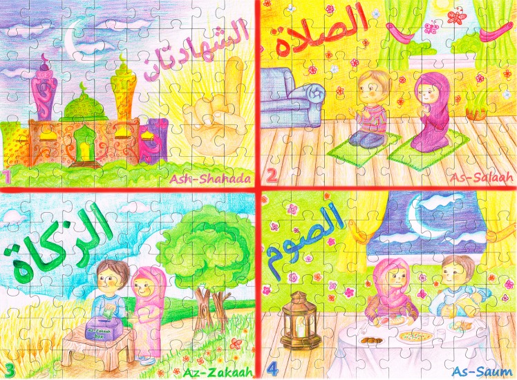 Chaque puzzle traite d'un pilier parmi les cinq piliers de l'islam.
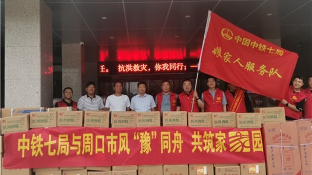 7月28日下午,中鐵七局集團有限公司“娘家人”服務隊,冒雨到黃泛區(qū)農(nóng)場捐贈防汛物資。市總工會黨組成員、副主席李偉業(yè)參加了此次捐贈活動。
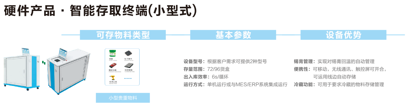 小型一對一智能存取終端,可實現對錫膏回溫的自動管理,可移動,無線通訊、觸控屏可開會,可運用線邊自動存儲。可用於要求冷藏的物料存儲管理。
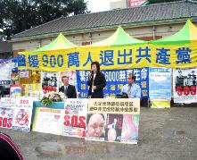 【明慧网2006年4月6日】中共秘设苏家屯集中营、活体摘除法轮功学员器官的血腥暴行被揭发后,全球各地的谴责之声高涨。2006年3月26日,“全球告别中共大联盟”也在台湾云林县虎尾镇发起了一场声援九百万退党暨反中共迫害大游行,民众踊跃参与,云林县县长苏治芬及立法委员林树山亦到场声援支持。
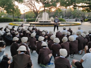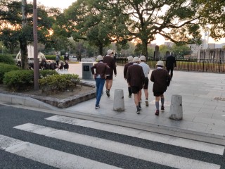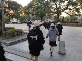 平和記念公園での活動を終えて、宿舎に入りました。部屋に荷物を運んだ後、避難訓練をしました
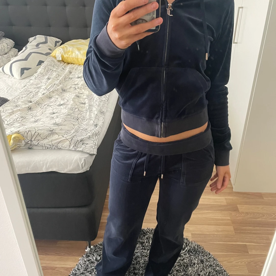 Säljer mitt marinblåa juicy couture sett då det inte kommer till användning längre. metallgrejen på ena snöret har lossnat. Pris kan diskuteras.💕
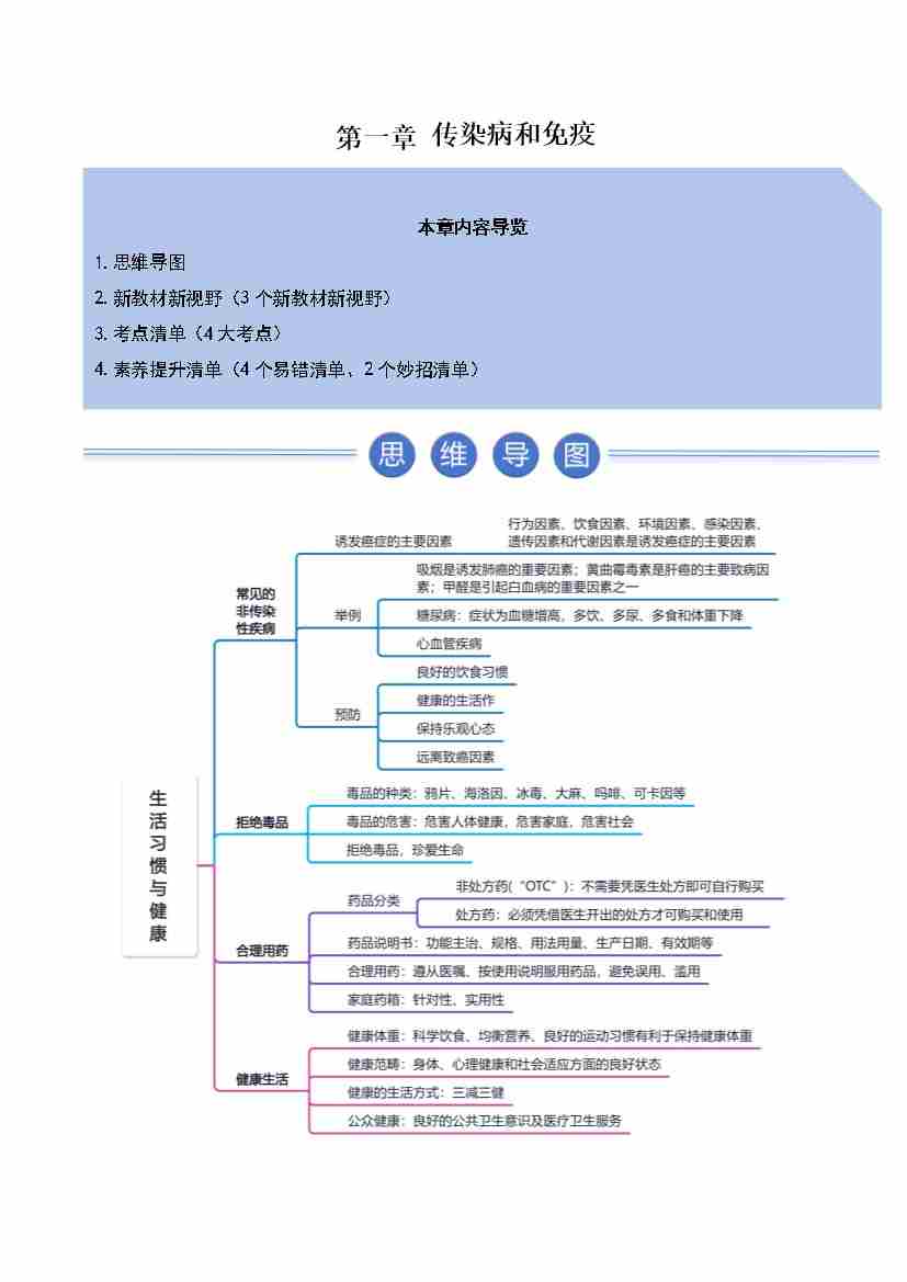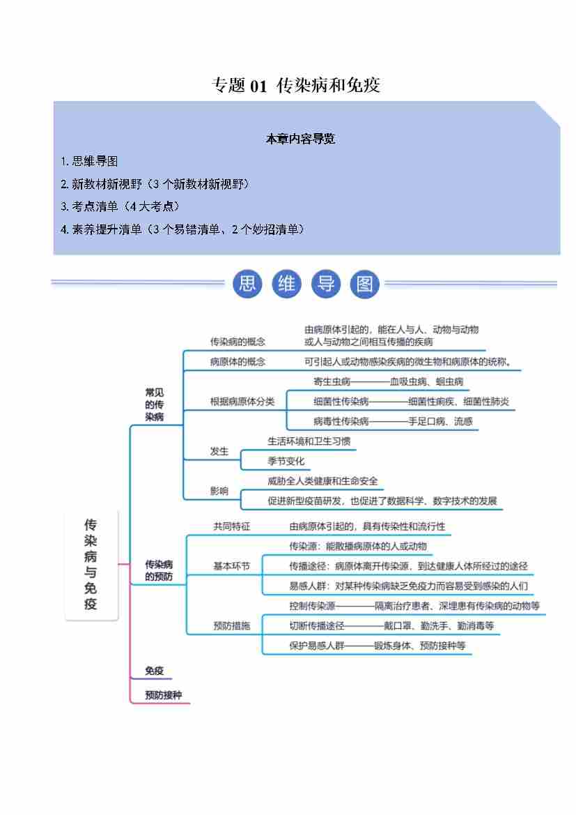 专题01 传染病和免疫(期末知识清单)(学生版)
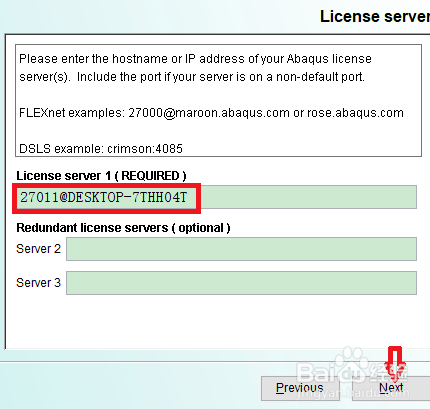 回到最開(kāi)始運(yùn)行setup.exe的窗口,在第一個(gè)框里輸入27011@主機(jī)名,點(diǎn)擊next
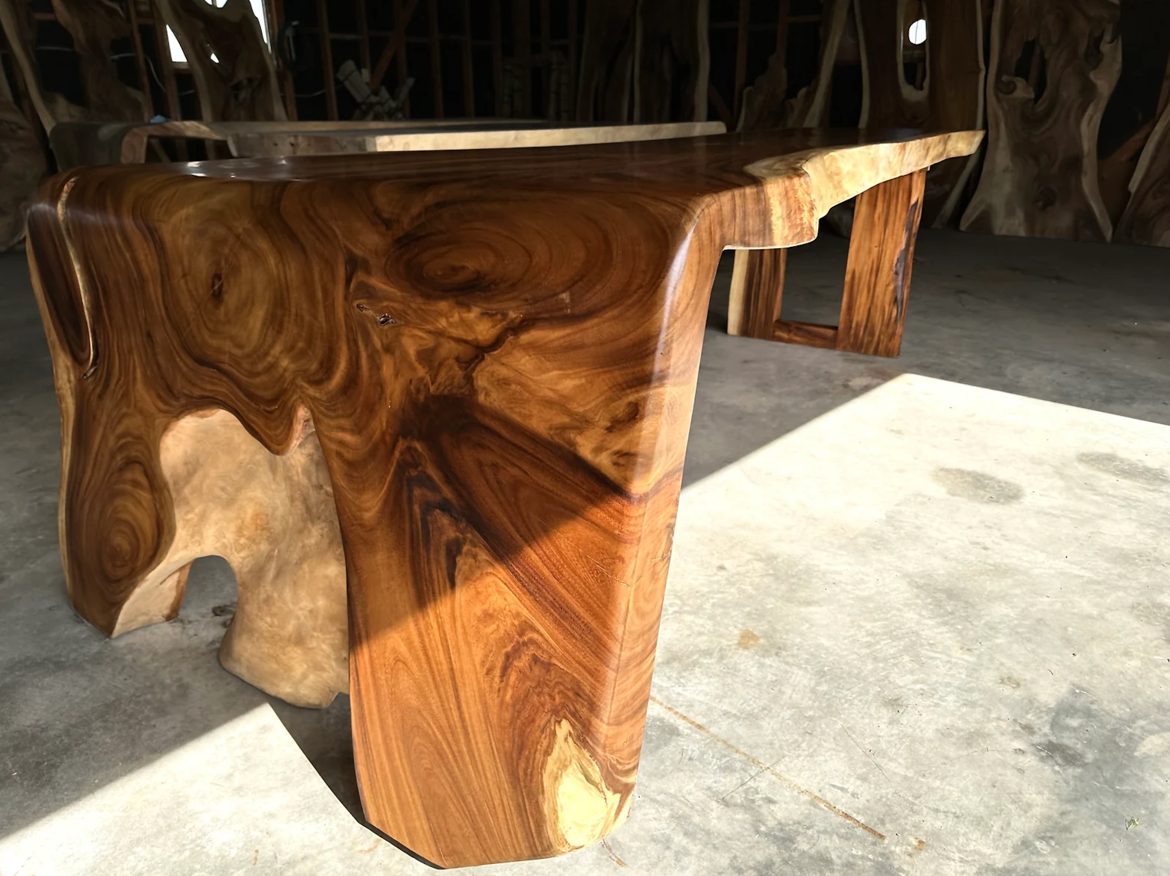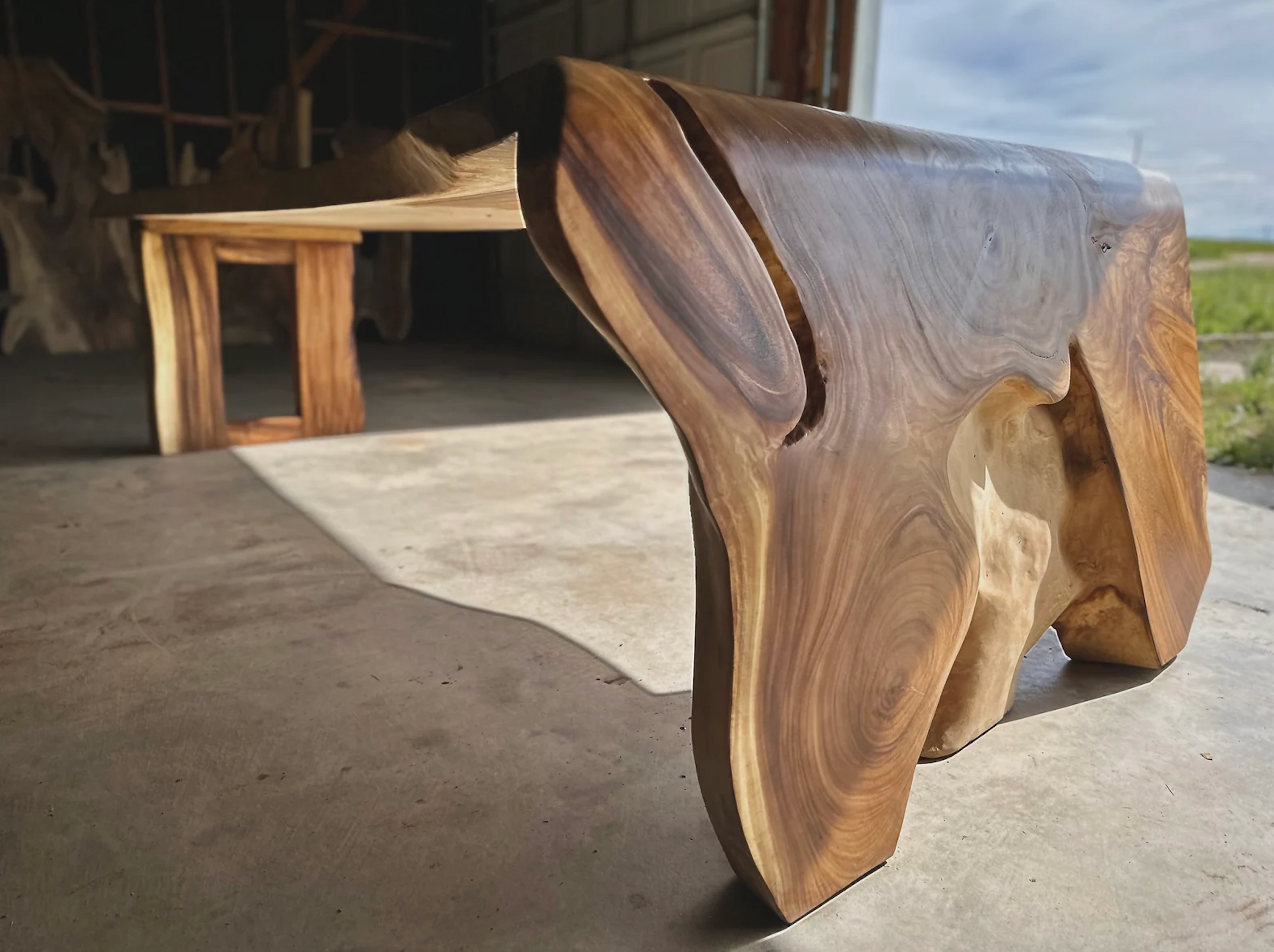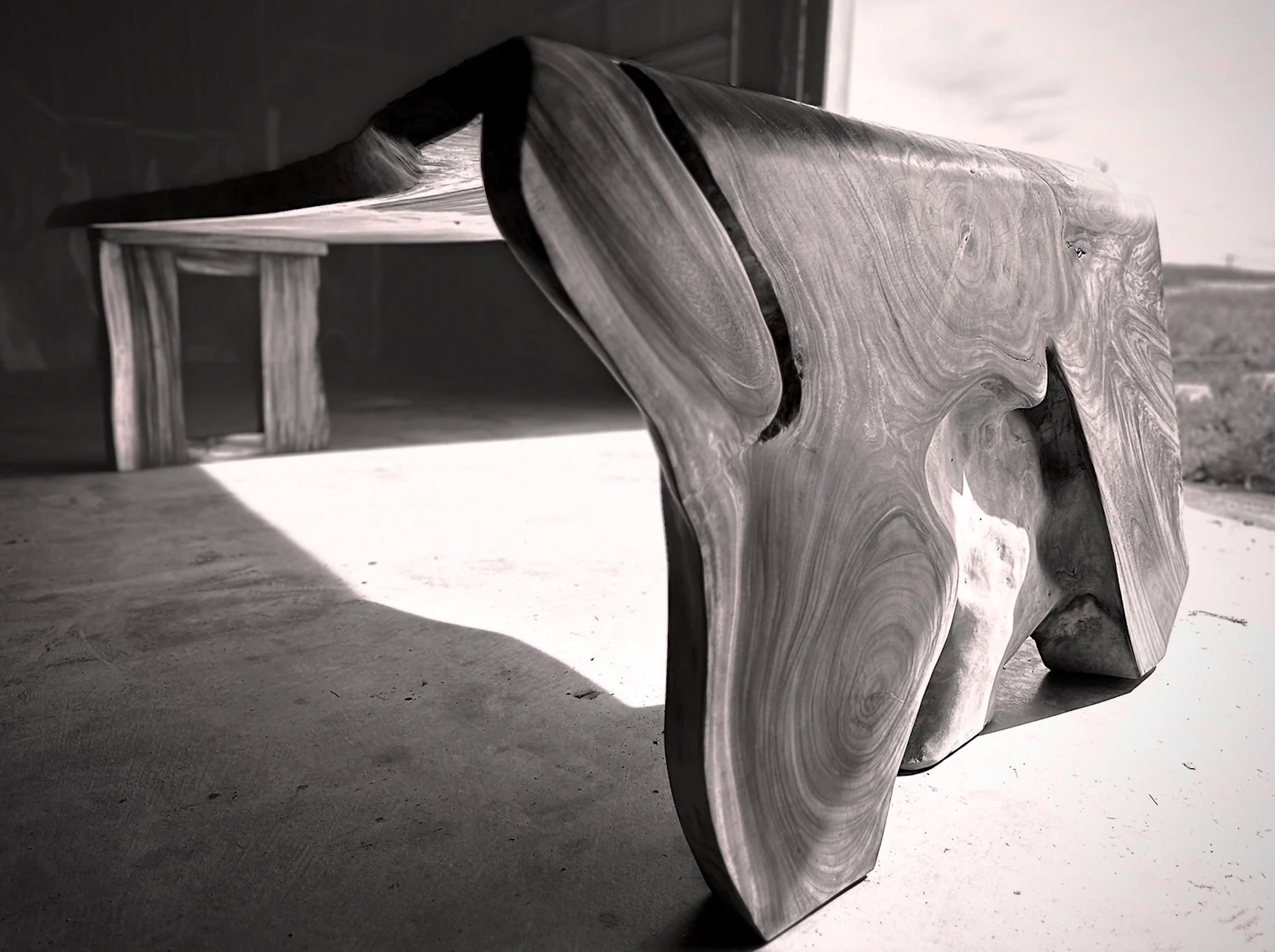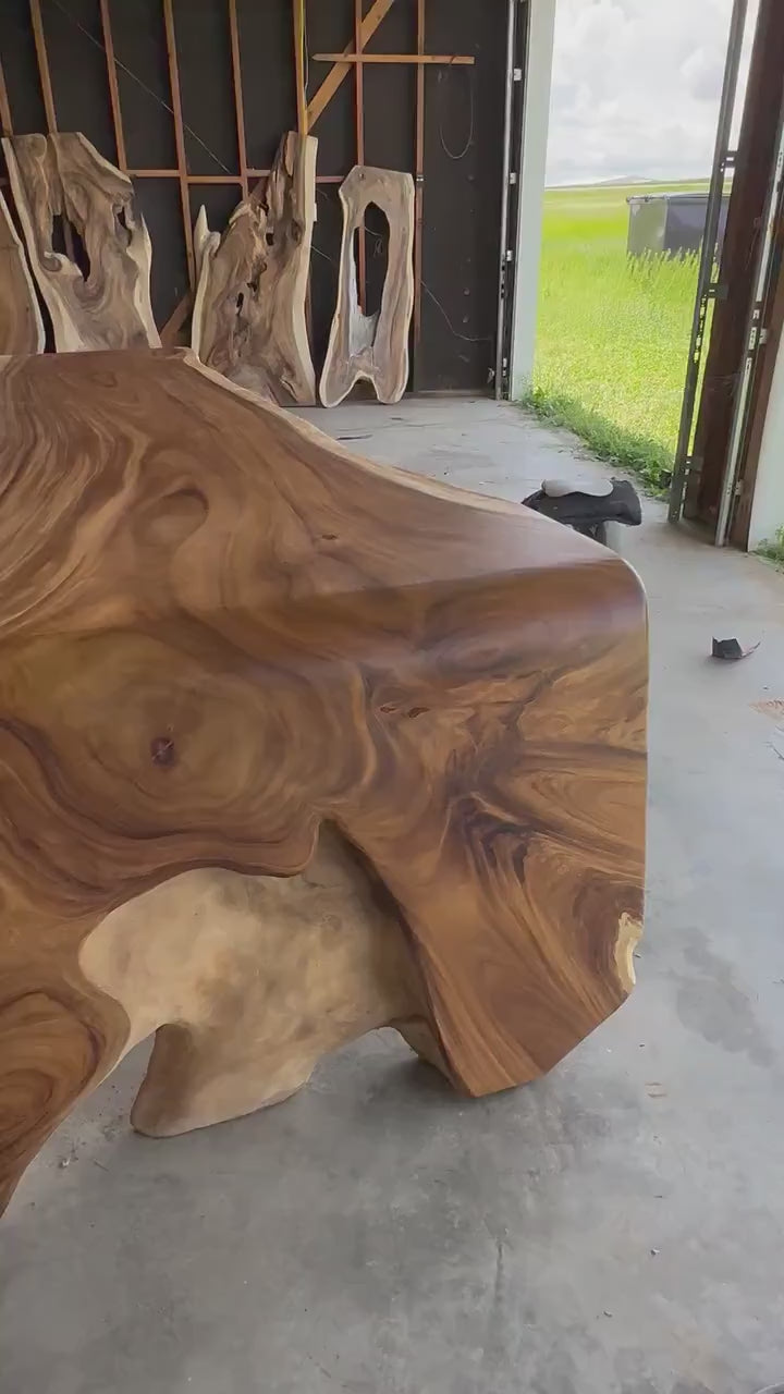 This rare, one-of-a-kind L-shape table is a pre-order item and will be custom-made just for you. Carved with precision using a chainsaw from a colossal tree trunk with a 6-foot diameter, this table is a true masterpiece. The L-shape design, measuring 11 feet long, 4 inches thick, 54 inches wide at the front, and 32 inches wide at the back, brings a unique and powerful presence to any space.
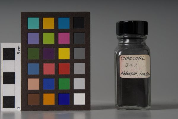Editor: This photograph captures "Blue Black" pigment from Winsor & Newton. The composition is striking, contrasting the vibrant color chart against the muted jar of pigment. What do you see in this piece? Curator: The photograph presents a compelling study of color and material. The grid provides a structured, almost scientific, counterpoint to the organic form of the pigment within the glass. Note how the cool tones of the pigment subtly echo and disrupt the systematic arrangement of the color chart. Editor: That's fascinating! I hadn't considered how the pigment interacts with the chart's cool tones. Curator: Precisely. This tension between order and irregularity, between the manufactured and the material, is central to the work's visual impact. A deeper appreciation emerges when you observe the work's components in relation to the other. Editor: I understand now! Thank you for pointing that out.
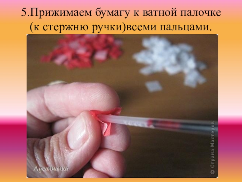 Слайд 85.Прижимаем бумагу к ватной палочке (к стержню ручки)всеми пальцами.
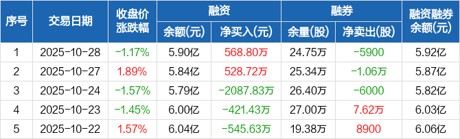 融资方面,当日融资买入1453.16万元,融资偿还884.36万元,融资净买入568.8万元。融券方面,融券卖出2.06万股,融券偿还2.65万股,融券余量24.75万股,融券余额249.98万元。融资融券余额合计5.92亿元。
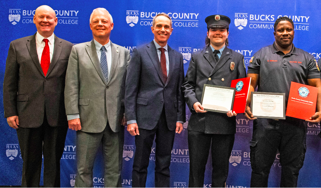 Bucks County Community College¸ the largest provider of fire and emergency services training and certification in Pennsylvania, graduated 62 volunteer firefighters in a December 16 ceremony on the Newtown Campus. The firefighters received certificates of completion from Dr. Patrick M. Jones, President & CEO of the College, and were congratulated by Pennsylvania State Senator Steve Santarsiero (D-10) and Pennsylvania State Representative Perry Warren (D-31), who each addressed the audience in the Zlock Performing Arts Center. The training took place at the Lower Bucks County Public Safety Training Center in Croydon and the Bucks County Public Safety Training Center in Doylestown. The national certification enables the volunteers to help protect their communities and fill the critical shortage of first responders.
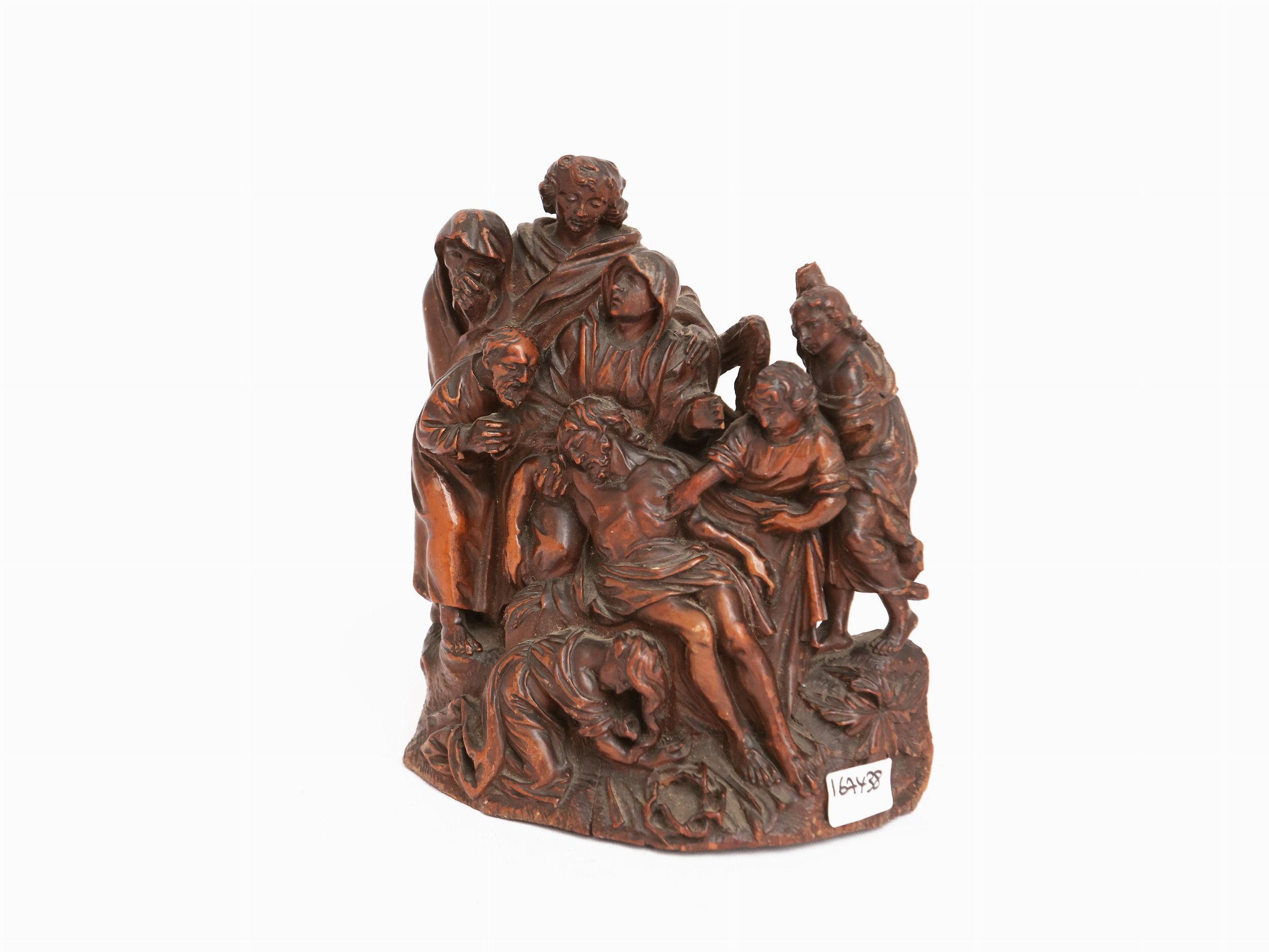 con la Vergine, San Giovanni Evangelista, Pie donne, angeli e Maria Maddalena, gruppo scultoreo in bosso realizzato ad altorilievo, con grande probabilità fungeva da base per una croce, alcune mancanze

####################

* _PROBLEM REQUIREMENTS_:
Using the records above, print exactly the run of lines that starts with the line with "专题01 传染病和免疫(期末知识清单)(学生版)" and goes on through the line with "Слайд 85.Прижимаем бумагу", pictures excluded.

* _ANSWER BOX_:
 专题01 传染病和免疫(期末知识清单)(学生版)
 回到最開(kāi)始運(yùn)行setup.exe的窗口,在第一個(gè)框里輸入27011@主機(jī)名,點(diǎn)擊next
 This rare, one-of-a-kind L-shape table is a pre-order item and will be custom-made just for you. Carved with precision using a chainsaw from a colossal tree trunk with a 6-foot diameter, this table is a true masterpiece. The L-shape design, measuring 11 feet long, 4 inches thick, 54 inches wide at the front, and 32 inches wide at the back, brings a unique and powerful presence to any space.
Editor: This photograph captures "Blue Black" pigment from Winsor & Newton. The composition is striking, contrasting the vibrant color chart against the muted jar of pigment. What do you see in this piece? Curator: The photograph presents a compelling study of color and material. The grid provides a structured, almost scientific, counterpoint to the organic form of the pigment within the glass. Note how the cool tones of the pigment subtly echo and disrupt the systematic arrangement of the color chart. Editor: That's fascinating! I hadn't considered how the pigment interacts with the chart's cool tones. Curator: Precisely. This tension between order and irregularity, between the manufactured and the material, is central to the work's visual impact. A deeper appreciation emerges when you observe the work's components in relation to the other. Editor: I understand now! Thank you for pointing that out.
 Слайд 85.Прижимаем бумагу к ватной палочке (к стержню ручки)всеми пальцами.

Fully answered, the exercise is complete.